I am trying to get something like what the smoothScatter
function does, only in ggplot. I have figured out everything except for plotting the N most sparse points. Can anyone help me with this?
library(grDevices)
library(ggplot2)
# Make two new devices
dev.new()
dev1 <- dev.cur()
dev.new()
dev2 <- dev.cur()
# Make some data that needs to be plotted on log scales
mydata <- data.frame(x=exp(rnorm(10000)), y=exp(rnorm(10000)))
# Plot the smoothScatter version
dev.set(dev1)
with(mydata, smoothScatter(log10(y)~log10(x)))
# Plot the ggplot version
dev.set(dev2)
ggplot(mydata) + aes(x=x, y=y) + scale_x_log10() + scale_y_log10() +
stat_density2d(geom="tile", aes(fill=..density..^0.25), contour=FALSE) +
scale_fill_gradientn(colours = colorRampPalette(c("white", blues9))(256))
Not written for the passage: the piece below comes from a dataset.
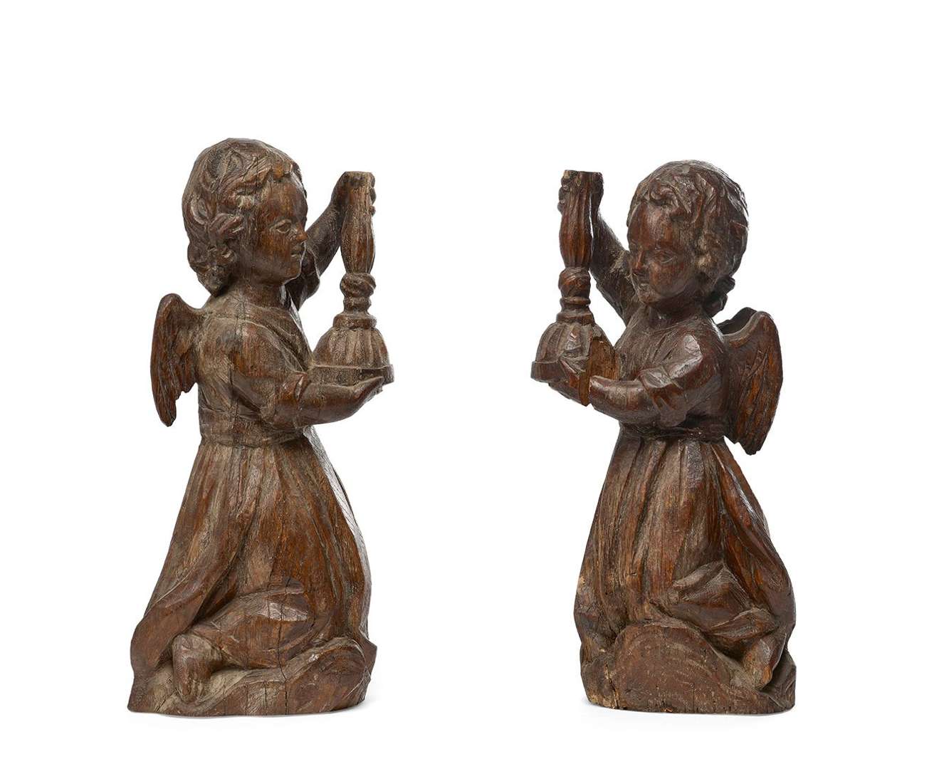 DEUX ANGES D'AUTEL CÉROFÉRAIRES en bois de chêne sculpté, ils sont agenouillés sur des nuées et tiennent des candélabres (percés pour acceuillir de petits cierges). Dos ébauchés. Début du XVIIe siècle.

Notice how in the base graphics version, the 100 most "sparse" points are plotted over the smoothed density plot. Sparseness is defined by the value of the kernel density estimate at the point's coordinate, and importantly, the kernel density estimate is calculated after the log transform (or whatever other coordinate transform). I can plot all points by adding + geom_point(size=0.5)
, but I only want the sparse ones.
Is there any way to accomplish this with ggplot? There are really two parts to this. The first is to figure out what the outliers are after coordinate transforms, and the second is to plot only those points.